Just this afternoon I found myself looking at courses on heritage and history, the kinds of courses people take to become travel guides. I have no intention of becoming one, but I wouldn’t mind a few art and history courses…
Or perhaps learning another language. Whatever you choose, learning or reading will boost your power and your self-esteem, and that, in turn, will provide you with that self-confidence which is so visible.
6. Reinvent yourself and affirm your personal style
What could be more fun?
I plan on changing the way I look… my haircut doesn’t suit me anymore and my clothes don’t fit. This is my chance to “change my look”. I don’t know what it will eventually be, but I can promise you there will be nothing invisible about it.
This is also about rethinking who you are. For years, I was a journalist… that was my identity. Then I joined the United Nations and became an “international civil servant”. After retirement, I became a “travel blogger” and occasional travel writer.
I’ve changed directions before, I can do it again. Who do I want to be for the next few years? There’s no one peering over my shoulder and nudging me towards an answer.
If in the past you’ve relied on others to shape your choices, this may be the right time to reevaluate who the “authentic you” really is.
7. Own it!
No cream or magic powder is going to relieve me of my hard-earned wrinkles. No makeup is going to hide my years of experience. And no outside judgment is going to get in my way.
I own my age, sometimes proudly, at other times less so, but I don’t dislike who I am and I certainly don’t feel diminished in any way by increasingly frequent birthdays.
I take life one day at a time, but oh, what a day! I try to make it meaningful or magical (sometimes it can be both at the same time!) but I won’t let anyone cheat me of the joy I feel I’ve earned. Not even a surly waiter.
Not everyone feels “invisible after 50” when they travel!
“I am 65 years old,” says K., “and I am exactly the the type of woman who is supposed to feel invisible: fat, white-haired, not particularly well-groomed, unstylishly dressed. Yet my experience is very different.
“There are two types of attention that I reliably get wherever I go, and which I don’t dislike: compliments on my hat, and requests for directions.
I always wear a stylish hat outside, for warmth or sunshade as the season dictates; it’s the one aspect of my dress that looks like a play for attention, though it’s entirely a practical choice on my part.
I find that when I travel solo, I attract more attention than when I am with others. I have had many memorable (and welcome) conversations with strangers in restaurants, museums, concert halls, shops, and the like. I don’t initiate these conversations; they seem to grow organically out of small interactions.
So although I don’t like attracting attention generally, somehow I seem to be able to get attention when I do want it for a specific reason or when I am open to it, without making any special effort.”
Ignore us at your peril
So this is it, our reality. Over 50, on the sliding side of life, but still well away from the bottom. The thought that life isn’t eternal may occasionally pop into our heads, and there’s no better reason to live life to its fullest.

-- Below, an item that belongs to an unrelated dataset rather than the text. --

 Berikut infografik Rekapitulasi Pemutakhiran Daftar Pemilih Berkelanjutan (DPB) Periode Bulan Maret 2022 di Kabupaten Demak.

According to a recent global study by Journeywoman, women over 50 are empowered, prefer to travel alone, and are seeking adventurous experiences in bucket list destinations.

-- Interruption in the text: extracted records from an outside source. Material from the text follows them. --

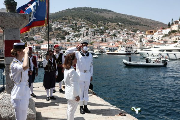 Η επίσκεψη της κυρίας Σακελλαροπούλου ολοκληρώθηκε με τη ρίψη στεφάνου στη θάλασσα προς τιμήν των Ναυμάχων του 1821.
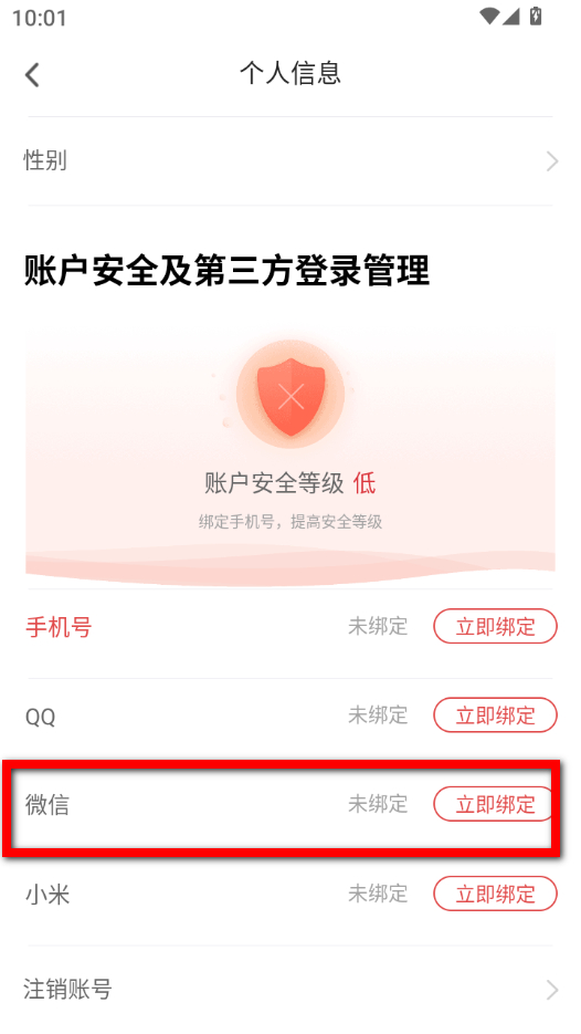 4、在個(gè)人信息界面,找到微信綁定區(qū)域,點(diǎn)擊立即綁定,即可完成微信綁定操作。
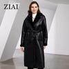 ziai 2024 Winter Faux Leather Jacket Women Long Warm Plush Fur Collar Padded Coat Fashion Pocket Cotton Female PU Parkas K18
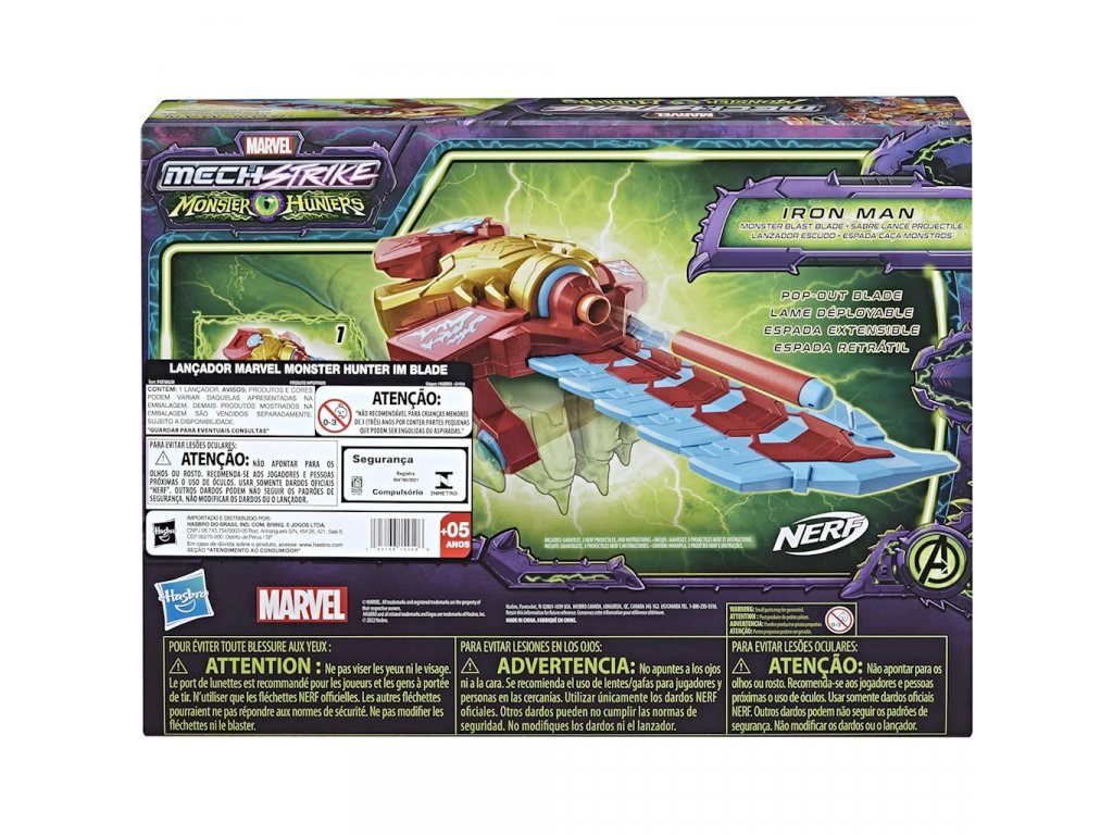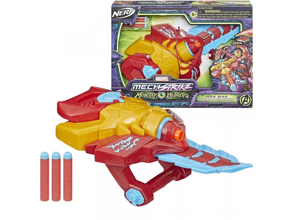 Iron Man se připravuje na bitvu v obrovském bioorganickém mechu, připraven čelit mocným padouchům. Vyzbrojen čelí nebezpečí, připraven bránit svět před veškerým zlem. Vžij se do role prvního Avengera a doprovázej ho při neobyčejných dobrodružstvích s tímto vystřelovačem. Po zatažení za oko příšery se aktivují výsuvné čepele - jsou připraveny k akci. Zaměř se na cíl a stisknutím tlačítka na rukojeti vystřel šíp Nerf Elite.
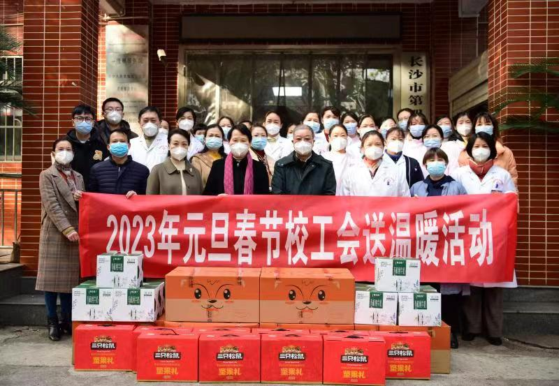 (供稿 校工会)1月6日下午,校党委副书记、工会主席周俊武,副校长谢资清一行深入基层送温暖,活动第一站来到校医院,走访慰问节日期间坚守在一线岗位的医护人员。

At the same time, we have this huge spending power, but we are undervalued by the travel industry, often having to hand over the dreaded single supplement for the privilege of having decided to travel on our own. To make things worse, the study revealed that most of us don’t feel understood by the travel industry.
The travel industry, too, thinks we are invisible, although things are beginning to change.

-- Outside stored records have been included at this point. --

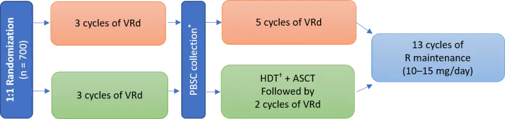 ASCT, autologous stem cell transplantation; MRD, minimal residual disease; NR, not reached; OS, overall survival; PFS, progression-free survival; PFS2, PFS on second-line therapy; VRd, bortezomib, lenalidomide, and dexamethasone. |
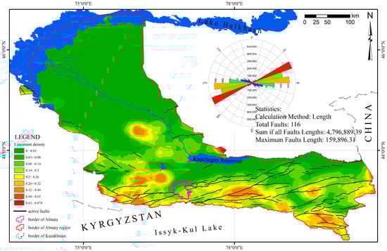 Lineament density map of the Almaty Region, showing major regional faults and rose diagram of fault orientations.
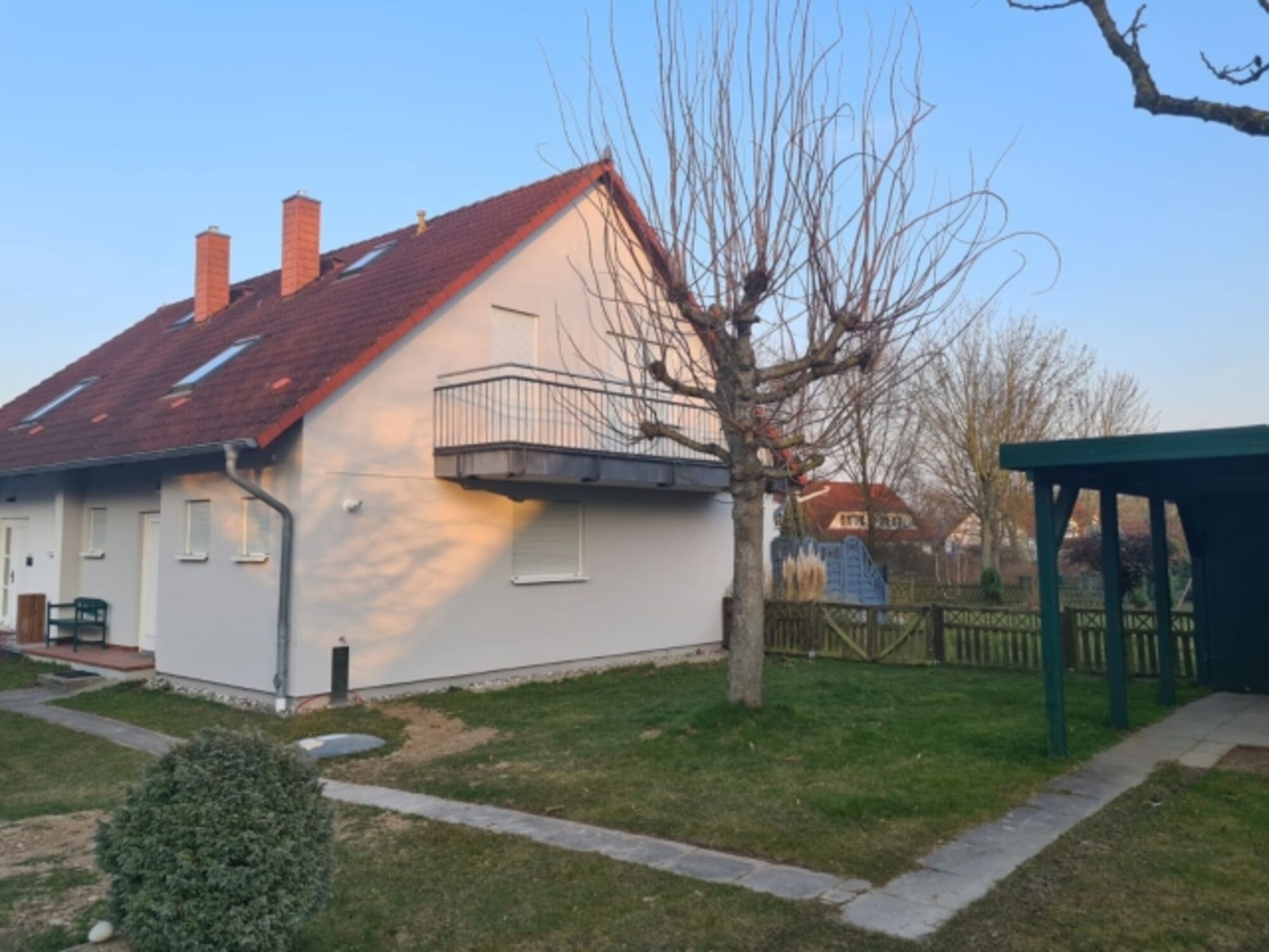 Mit eigenem, eingezäunten Grundstück, Kamin Carport, Grillmöglichkeit und Ladesäule für E-Autos bleibt kaum ein Wunsch offen.
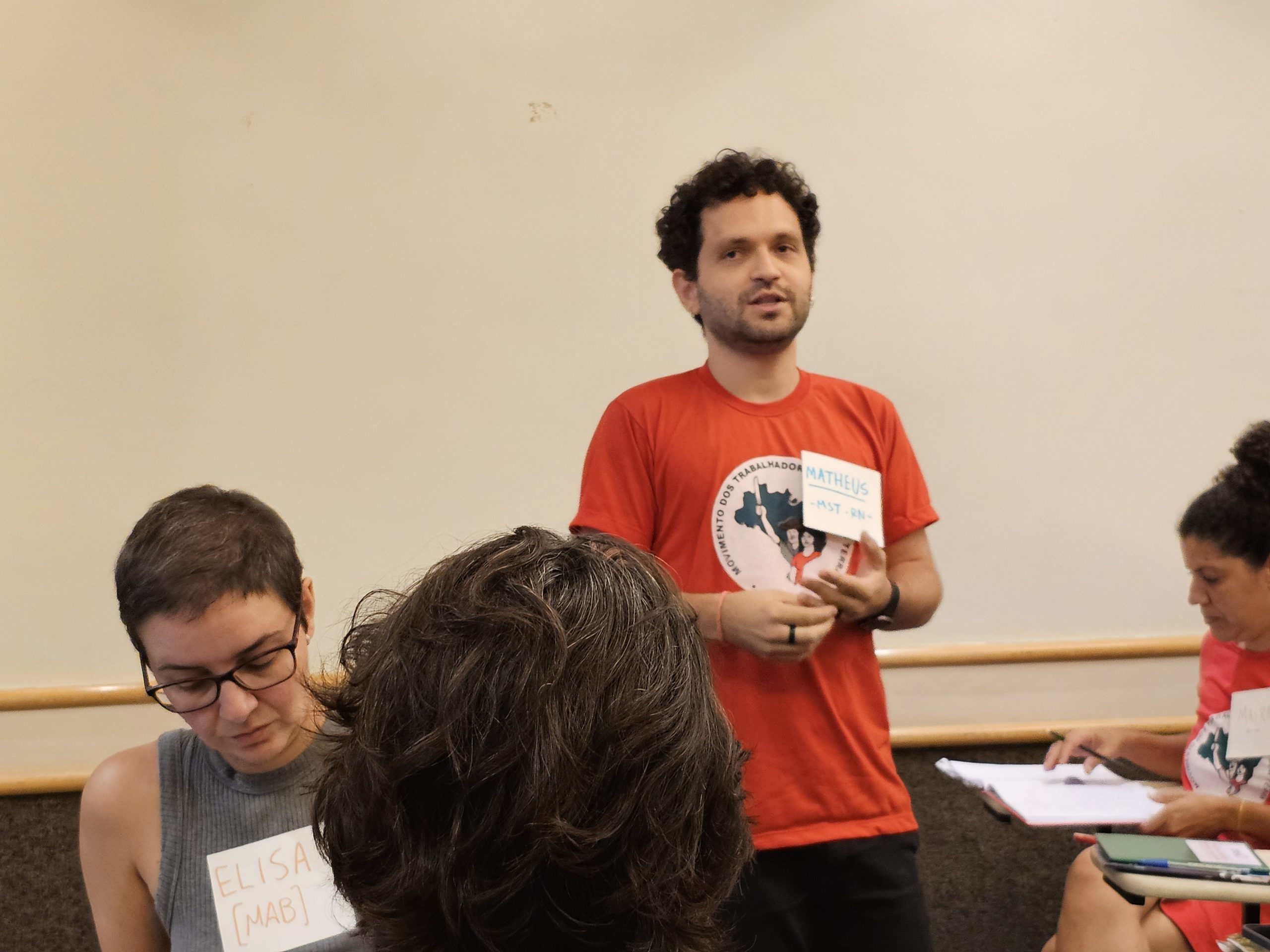 Miquelis Schiavon conta que ainda não tinha participado de nenhuma atividade promovida pela FASE, mas o que o chamou a atenção foi a diversidade. “Essa questão de contemplar os diversos territórios do país faz com que quem está num outro território consiga entender a dimensão que o país é e as dificuldades que, às vezes, temos no território são pequenas frente às dimensões e aos desafios que os territórios têm”, analisa. “Eu acho que esses temas do curso são primordiais, tendo em vista que a desinformação hoje reina e é a principal forma que o capital ou que essas empresas utilizam para cooptar as pessoas. E essa informação correta, do ponto de vista de entender o que está em jogo, é muito importante. Porque aí os territórios e as comunidades podem decidir sobre a sua vida, entre querer ou não se submeter a uma determinada ação de uma empresa ou de algo, então esse empoderamento é importante e só é possível a partir da informação, ter a informação é central”, completa a liderança do Movimento de Pequenos Agricultores (MPA) do Rio Grande do Sul.
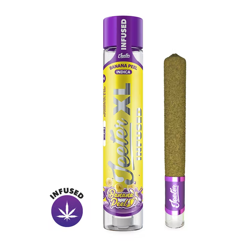 Users report feeling relaxed with this high potency product. 41.58% THC Relaxed Happy Euphoric Banana Peel Jeeter XL Infused Rolled Joint: 2g Joint | Indica | 41.58% THC Indoor Grown Infused with Distillate Oil & Kief Mood: relaxed,happy,euphoric This legendary West Coast strain crosses Ghost OG and Skunk Haze to create an indica that tastes and smells like a bushel of fresh bananas. Banana Peel tends to provide a mellow buzz alongside a relaxed sense of euphoria. It also helps stimulate your creative juices and can help you remain talkative in social settings. Flavors Sweet Tropical Woody Effects & flavors are reported by users on our site. This is for informational purposes only and not intended as medical advice. Please consult your physician before changing any medical treatment.
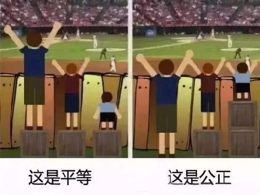 我们常用来讨论公平与公正之间关系的一张图其实也同样可以运用于男女关系的平等上。我认为的性别平等,是在社会根据男女生理及天赋上的特性,进行不完全平均的资源分配之后达到的男性与女性在社会资源及劳动机会无差别共享的境界,并非任何一种权力超过另一种。
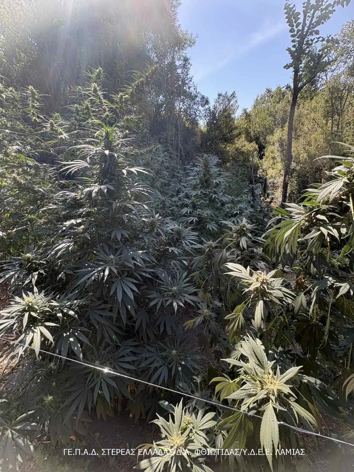 Φυτεία με συνολικά –23- δενδρύλλια κάνναβης, εντοπίστηκε σε δυσπρόσιτη αγροτική – δασική περιοχή της Φθιώτιδας. Η φυτεία εκτεινόταν σε ειδικά διαμορφωμένο χώρο, ο οποίος ήταν εκχερσωμένος και περιβαλλόταν από πυκνή και ψηλή βλάστηση (πουρνάρια και δένδρα),προκειμένου να της παρέχει φυσική κάλυψη και να είναι δύσκολος ο εντοπισμός της από τις Διωκτικές Αρχές.

In the words of another one of our delightful readers, whom I’ll call M, “Let’s just all get out there, travel and make ourselves fully known and at ease to refuse to be seated next to the palm tree table in the restaurant!”
Our attitudes can contribute to the way the world sees us, and by acting confidently and refusing to be invisible after 50, we are sending a signal that it is not OK for us to be treated with anything less than total respect.